事の発端は、両親が邸宅へ帰ってから一週間後のお茶の時間に“そろそろ怪我の状態も良さそうね”…と、考えなしに私が口を開いたことから始まった。
「この一か月間、王宮で療養させていただいたご恩情に感謝申し上げます。おかげ様で怪我もほぼ完治した頃合いですし、そろそろ王立学術院への復学許可をお願いします」
その頃には、目に見える傷は殆ど無く、肋骨の痛みも感じられないまでには回復していた。
だから、当然のように復学許可が貰えるだろうと確信した私は、意気揚々と目の前でお茶を楽しむ王妃殿下に復学許可を申し出た訳だ。
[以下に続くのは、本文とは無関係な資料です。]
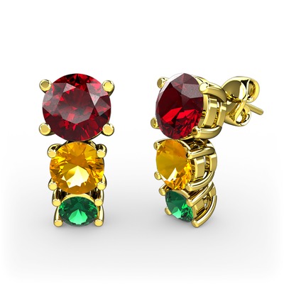 Garnet, sitrin ve yeşil kuvars 925 ayar altın kaplama gümüş küpe
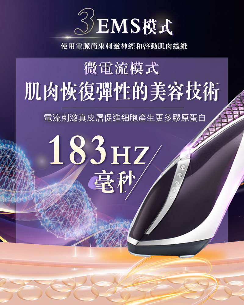 3. 【EMS微電流183HZ/毫秒】: 專業緊緻,模仿人體天然肌肉運動,反覆舒緩同收緊,深層鍛鍊鬆泡的面部肌膚,搭配精華緊緻塑顏,令肌膚緊俏豐潤,緊實輪廓線
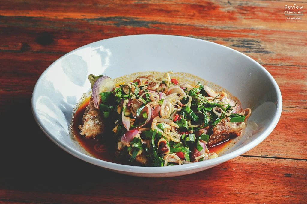 ฟินกับยำปลาดุกฟูได้ซักพัก ก็เอื้อมช้อนไปตักปลาทับทิมราดซอสมะขาม นับว่าให้เป็นที่หนึ่งในดวงใจสำหรับเมนูนี้ ที่รสชาติของน้ำราดซอสมะขามนั้นได้ใจสายกินไปเต็มๆ ที่สำคัญคือไม่หวงเครื่องและปลาเลยซักนิด รวมถึงการทอดปลาของทางร้านไม่มัน ไม่เลี่ยนจนเกินไป เมนูสุดท้ายที่ลองเอามาคลุกข้าวคือปลาทับทิมทอดยำตะไคร้ ที่เหมือนได้ตะไคร้ทั้งสวน และหอมตะไคร้มากกกกกก นับว่าฟินกับไปข้างหนึ่งเลยทีเดียว
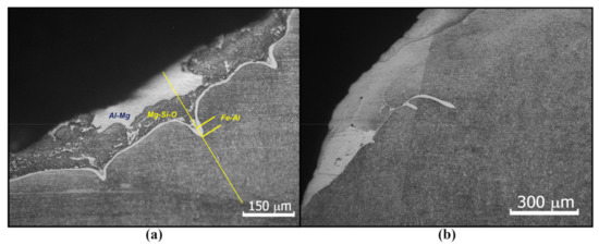 The interaction of materials with limited solubility and significant differences in melting temperatures leads to the formation of intermetallic phases in the stir zone [298,300,301]. Intermetallide phases formed in welded joints of aluminum alloys and copper alloys, such as brasses, contain copper, aluminum, and zinc [292,293,299,300,301]. Various types of defects can form on the boundary of aluminum alloy and brass, which is associated with the formation of eutectics or large interlayers of intermetallides between the plates to be welded [292,293,301]. Brittle Al2Cu, Al4Cu9, and CuZn intermetallides were found in the stir zone in the AA5083/CuZn34 weld joint [301]. The thickness of the intermetallide layer depended on the rotational speed of the tool and the welding speed.
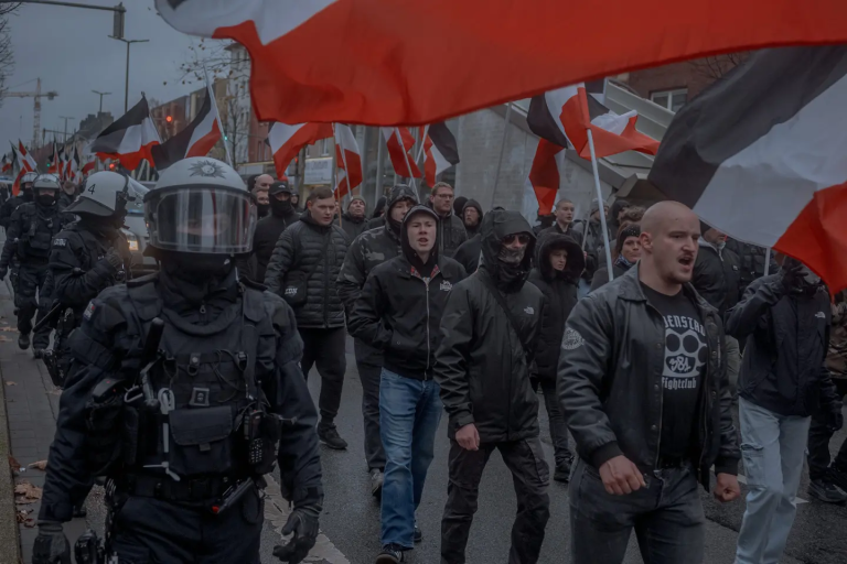 नियो–नाजीहरू डर्टमन्ड, जर्मनीमा प्रहरीविरुद्ध मार्च गर्छन्, डिसेम्बर १४, २०२४।

現状、休学扱いで授業を免除して貰っているとはいえ、これ以上の遅れは卒業にも差し障る。
理由が無ければ帰宅が許されないはずの学術院から毎週末帰宮しては、何故か満面の笑みを浮かべて顔を見せてくれるディミトリ殿下が勉強を見てくれているとはいっても、これ以上休学が長引くのはどう考えても迷惑極まりないだろう。
とっとと日常生活に戻って、その上で王立学術院から逃げ出すのか否かを見極めたいと願った言葉は、予期せぬ方向から拒絶されることとなった。
「………駄目だ。ルウの復学は認められない」
王妃殿下より早く拒絶の言葉を口にしたのは、今日も今日とて部屋へ顔を出し私の真横にベッタリと寄り添うディミトリ殿下だった。
「怪我というのは見た目だけでは判らない。素人判断で後遺症を残すことが問題だと理解すべきだ」
「本人が外傷も身体の不調も無いと言っているのに? 王宮医師には聖女様から聖魔力の癒しを受けた私の体はかなり治癒力が高まり、内部の損傷は問題無いと聞いています。それの何処に問題が? 今日にも復学できそうなぐらい元気ですが」
「……それを素人判断と言うのだよ。王宮医師からは完治の話を聞いていない以上、復学させるつもりは無い」
「でも……」
「これ以上の議論の余地はない。ほら、ルウも早くお茶を飲んでしまわないと勉強の時間が足りなくなるだろう?」
………そこからは話し合いにもならず、どれだけ宥めすかしても頑として首を振られ続けた。
……解せぬ……。
頼みの綱の王妃殿下にチラリと助けを求めてみても「あー……まあ、王宮医師に判断を委ねましょうか」と苦笑いするのみ。
挙句の果て、それまで経過は良好だと笑みを見せていた王宮医師たちからまで「完治に至っていないお体で出歩くことは危険です」と、目を逸らされたのだから納得いかないにも程がある。
何で?ほぼ治癒したと言っていたはずでは…⁈と、焦りのあまり医師達に詰め寄ったのが気に入らなかったのか、殿下は胡散臭いキラキラした微笑みを浮かべると「無理をしては体に障るだろう。医師もこう言っているのだから、指示に従い大人しく療養しなさい」と、何故か部屋前に立つ警備兵まで増やされることになった。
「えっ⁈ ………何で警備まで増やすの……?」
「ルウが部屋で大人しくしていれば良いが、万が一王宮内をうろついて廊下で倒れたりしたら大変だからな。予防措置を取っただけで、何の問題も無いはずだが?」
「わ、私如きにそこまで厳重な警備は必要ないと思うのっ‼ ……そんな監視みたいな…」
「監視?……ルウは大げさだな。これはあくまでも予防措置だと言っただろう? ルウが脱走を目論まずに大人しく療養していれば、何も気にすることは無いだろう」
………やっぱり監禁目的じゃないか………。
警備を増やして、漸く安心したのかディミトリ殿下は王立学術院へと帰って行ったけれど、それ以来、私には常に二人の監視が付いて王宮内ですら満足に移動が許されなくなった。
…こうして、気が付けば私は王宮に監禁されたまま、長い療養期間を過ごす事となったのだった。